Probalo y decime que tal please!


----------



## RalphA (Mar 9, 2007)

Greg:

Traté de usar tu solución, y funcionó, pero no pude borrar el mensaje que apareció, hasta que eliminé la columna A (Alt, Edit, Delete, Column).  

Pero, usando tu idea, estando en la celda A1, hice clic en Format, Conditional Formatting…, y puse la fórmula,
=COUNTIF($A:$A,A1)>1
y escogí el color amarillo para Patterns.  Luego, copié la celda A1 para abajo.  

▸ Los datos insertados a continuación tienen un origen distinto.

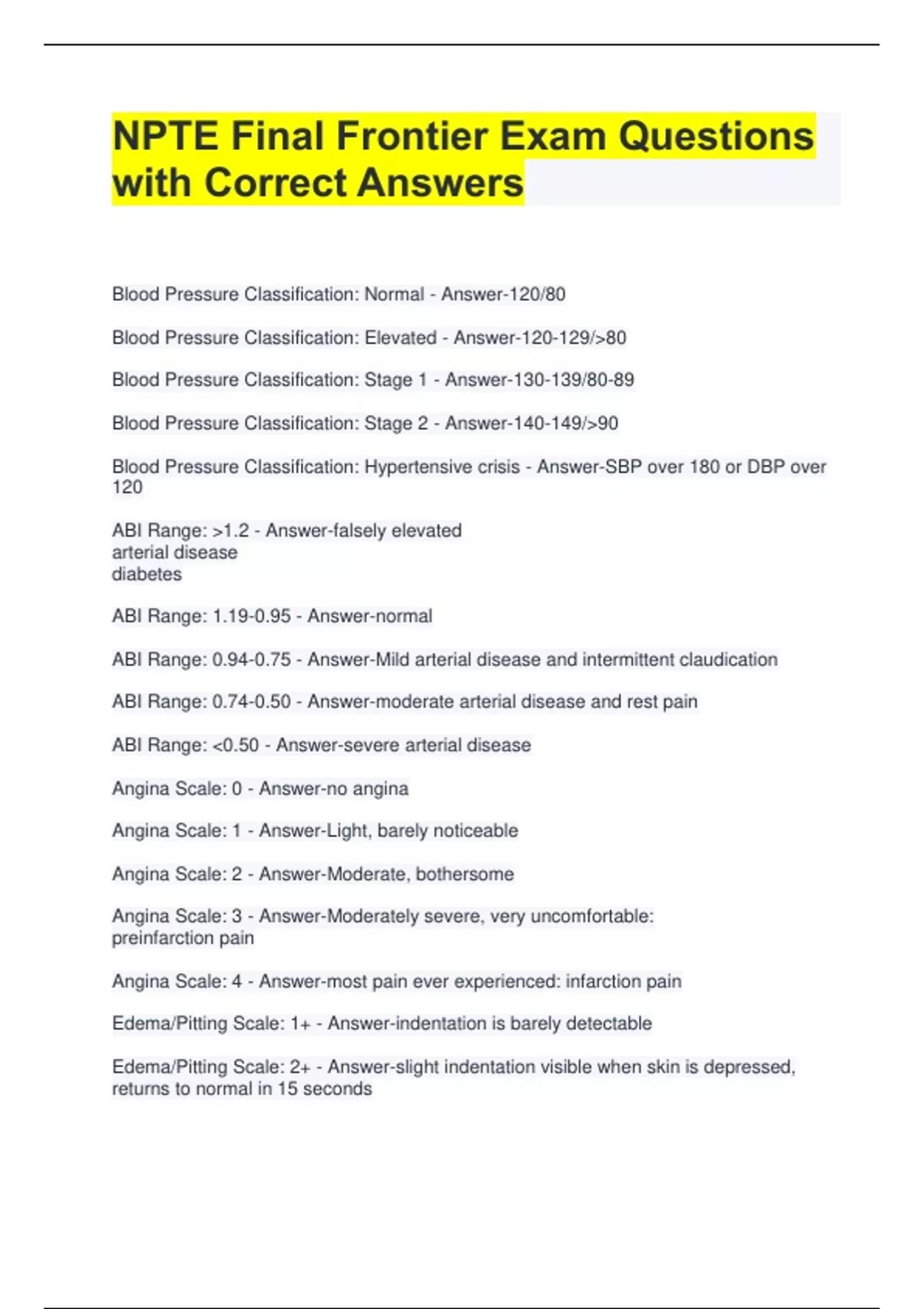 BUNDLE FOR NPTE Exam Questions with Correct Answers
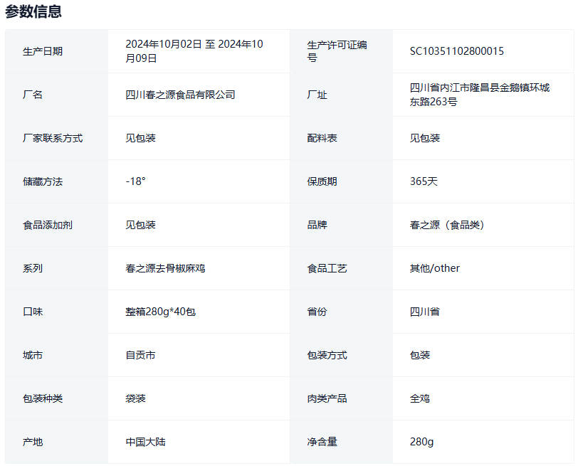 春之源去骨椒麻鸡整箱280克40包 红油麻辣手撕棒棒鸡藤椒口水鸡
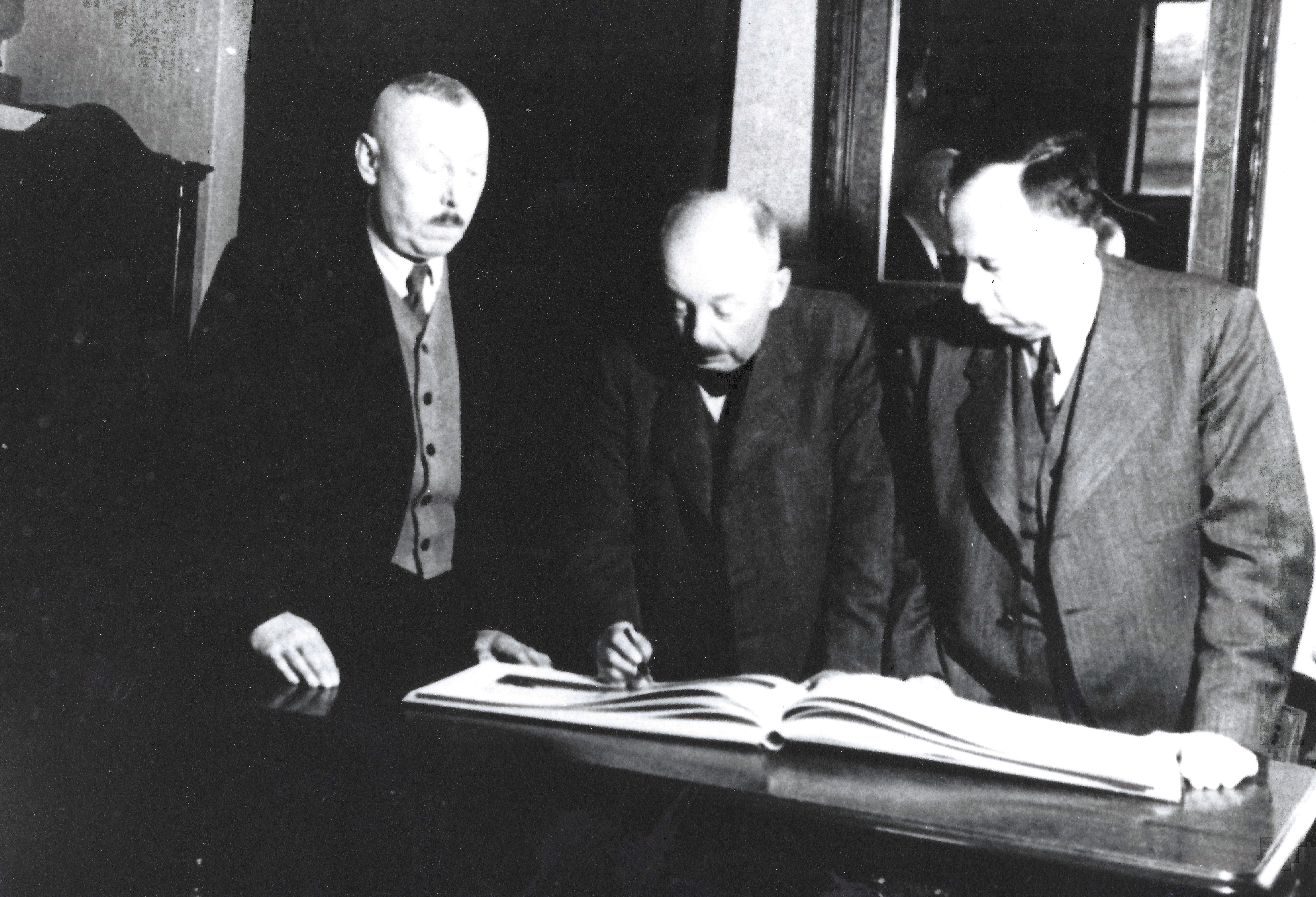 Shromáždění firmy Petrof v dubnu 1914. Firma slavila 50. let od založení a také vyrobení 30 000. klavíru. Ten si zakoupil následník trůnu František Ferdinand d'Este pro zámek Konopiště. Dlouho si ho neužil. 28.6. byl zabit v Sarajevu a začala 2. světová válka. V samotném středu fotografie manželé Petrofovi. Vpravo stojící ve druhé řadě zas Antonínem Petrofem slavný starosta Hradce Králové František Ulrich
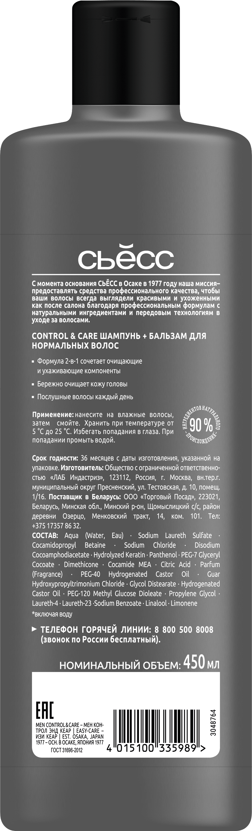 СЬĔСС Men Control&Care Шампунь+Бальзам для нормальных волос.
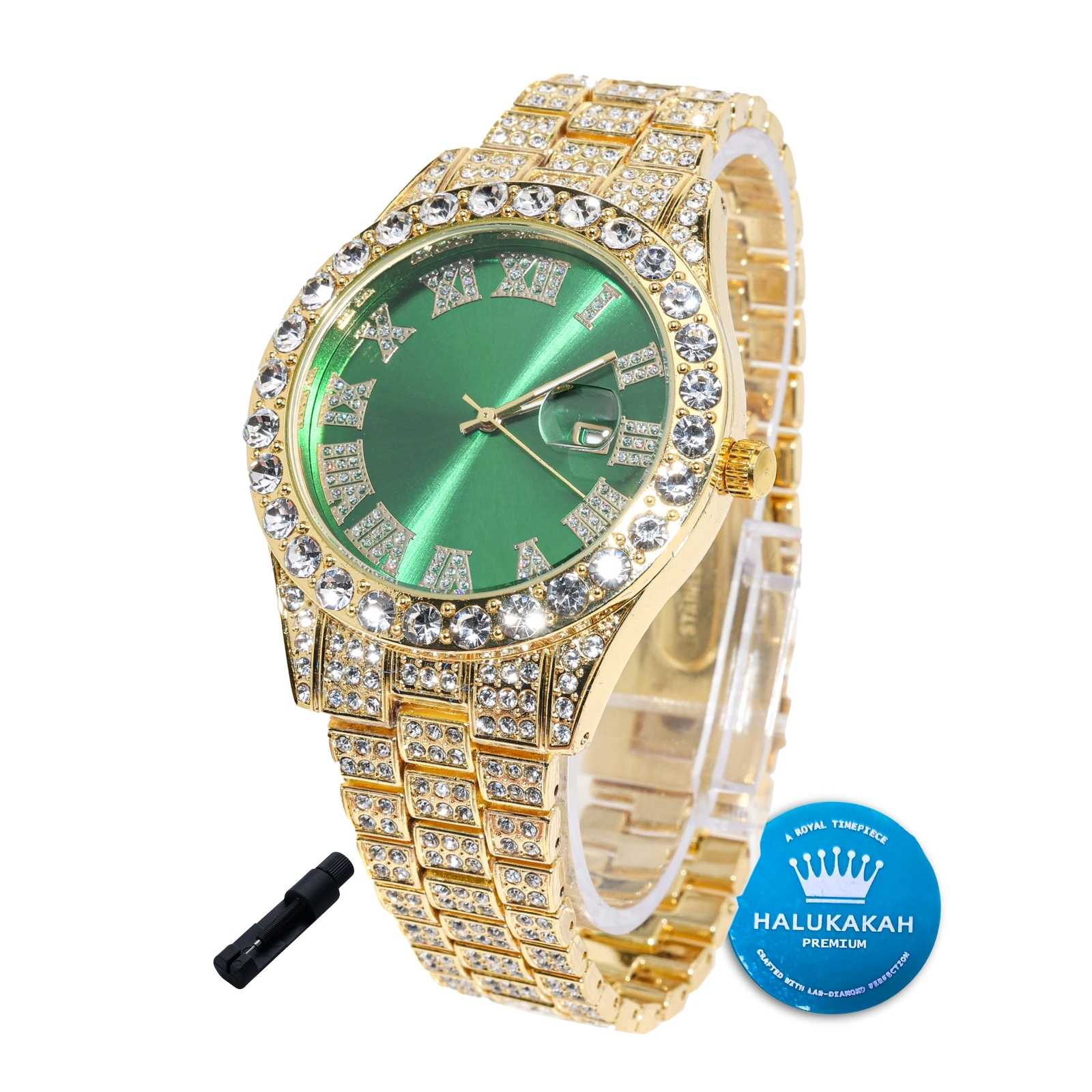 DAZZLING DIAMONDS: Adorned with VVS Clarity Prong Set Austrian Simulate Diamonds, meticulously handset to create a signature micro-pave style, ensuring brilliance and sophistication. LUXURY MATERIALS: Utilizing 3D Electroforming Technology, the watch features a thick 18k real gold plating, enriching its color and providing a luxurious finish.
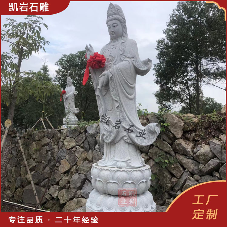 2021新款石雕滴水观音 观音雕塑 花岗岩定制 寺庙佛像石雕
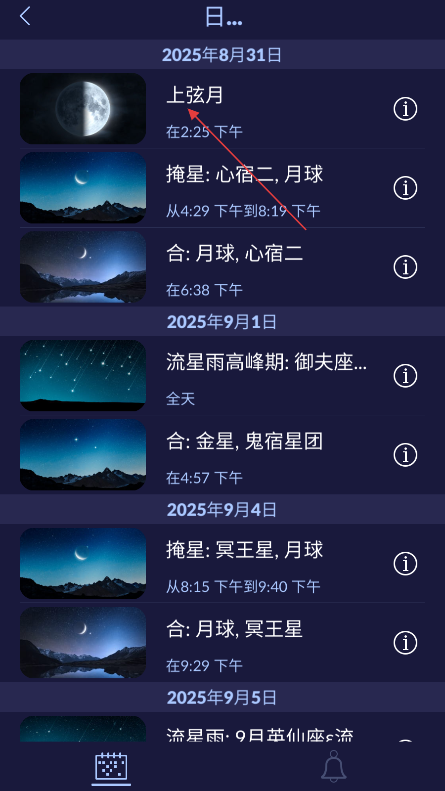 3、在天文日歷頁(yè)面,可瀏覽不同日期的天文事件,點(diǎn)擊可查看該事件的詳細(xì)時(shí)間、地點(diǎn)及天文原理說(shuō)明。
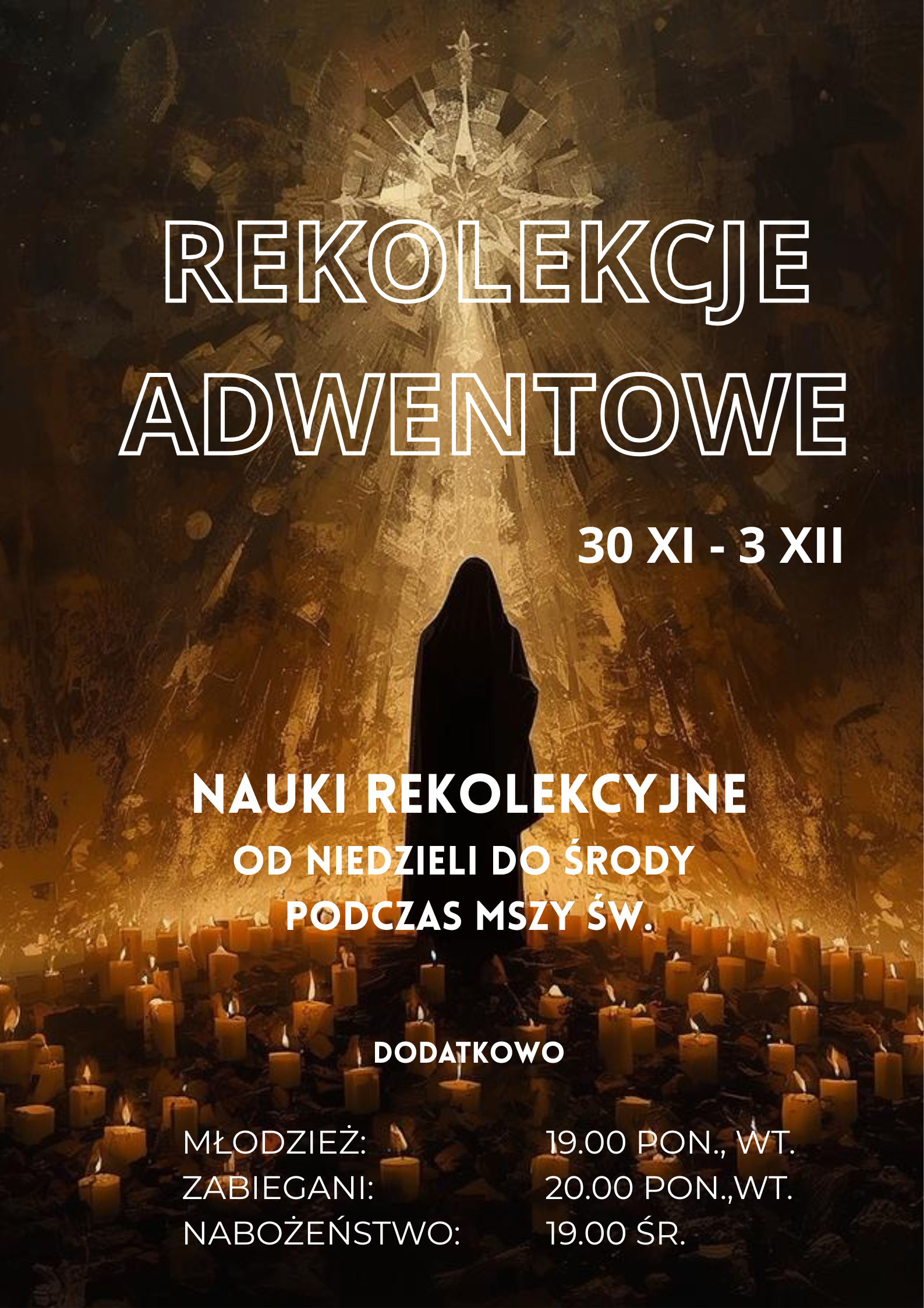 1. Rozpoczynamy nasze Adwentowe Rekolekcje Parafialne, które w tym roku głosi o. Marian Galas dyrektor naszej pijarskiej Szkoły w Katowicach. Nauki będą głoszone do środy włącznie podczas Mszy Świętych o godz. 5.45, 8.00 i 18.00. Dla młodzieży i kandydatów do bierzmowania w poniedziałek i wtorek o godz. 19.00, dla zabieganych w poniedziałek i wtorek o godz. 20.00. W środę na zakończenie rekolekcji nabożeństwo uwielbienia z modlitwą wstawienniczą o godz. 19.00. We wtorek i środę jako wyraz naszej wdzięczności będziemy mogli złożyć na tacę ofiary, które będą przeznaczone na funkcjonowanie wspólnoty o. Mariana.
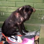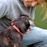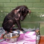 We spotted Kai a couple of weeks before he finally came in to the rescue, but couldn’t catch him. He was extremeley shy and fearful. But after a couple more weeks of trying to fill his belly, he was weak enough to finally catch. He had become a regular at our feeding station, and volunteer Tana Bailey managed to catch him (with quite a struggle) on March 4th, 2015.
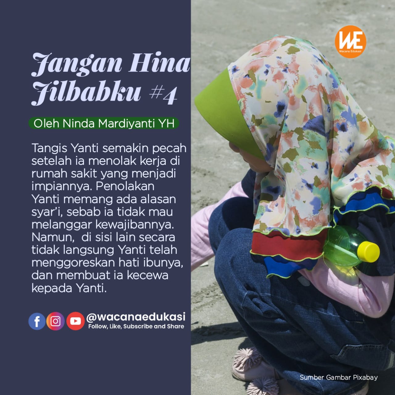 Wacana-edukasi.comTangis Yanti semakin pecah setelah ia menolak kerja di rumah sakit yang menjadi impiannya. Penolakan Yanti memang ada alasan syar’i, sebab ia tidak mau melanggar kewajibannya. Namun, di sisi lain secara tidak langsung Yanti telah menggoreskan hati ibunya, dan membuat ia kecewa kepada Yanti.
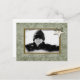 Insert your favourite photo into this holiday photo card. Design features pretty print sage green background, gold frame and star ornament with bow. (photo for illustrative purposes only)
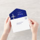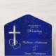 This pretty all season wedding invitation with tear away RSVP card in tones of silver and royal blue will give a sense of elegance to your wedding! The inside has a lovely silver cross with two silver hearts interlocked at its foot. There's a subtle silver confetti overlay to add a bit of sparkle. Your wedding text is also in silver at the right of the cross and hearts image. Everything is placed on a stunning royal blue gradient background. The bottom tear away RSVP portion has the swirl image continued, but is white to make it easy for your respondent to mark. If you don't need a text field, just blank it out, and if you need help organising different text, please contact us. We are always happy to help. If you're having a buffet reception, we can work with you to re-design the RSVP portion, so don't hesitate to ask! An added bonus and personal touch is your own photograph on the back flap.

Ahora, si entro un valor repetido en cualquier celda de la columna A, el fondo de cada una de las celdas que contienen el número repetido se tornan amarillo!


----------



## Greg Truby (Mar 9, 2007)

¡Qué curioso!  Para mi funciona lo más bien, sin problema ninguna.


----------



## RalphA (Mar 9, 2007)

Greg:

Tenés razón, sí funciona, y muy bien!  Debido a mi ignorancia, pues nunca he usado Validation anteriormente, en el segundo “tab”, el “Input Message”, puse un mensage. Y es ese mensaje el que no desaparecía.  Volví a tantear, eliminé ese mensaje en el segundo “tab”, y…todo funciona muy bien.  Gracias.


----------



## txakote (Mar 15, 2007)

*A mi no me funcionó...*

Me alegra que hayan podido hacerlo. A mi me aparece un mensaje diciendo que "no se puede encontrar uno de los rangos especificados". Si alguien quisiera enviarme una planilla en la que funciona quizá encuentre la solución... txakote_«arroba»_hotmail.com  GRACIAS

Editado por Greg para cambiar la dirección de correo electrónico para evitar los "bots".   :wink:


----------



## txakote (Mar 15, 2007)

*resuelto*

Muchas... muchas gracias. copiaba y pegaba la formula en inglés... ja. cuando la cambié por contar.si y quité los espacios a la formula y correjí los separadores de listas (propios de cada instalacion de excel) todo funcionó perfectamente. Son unos capos. Fabio


----------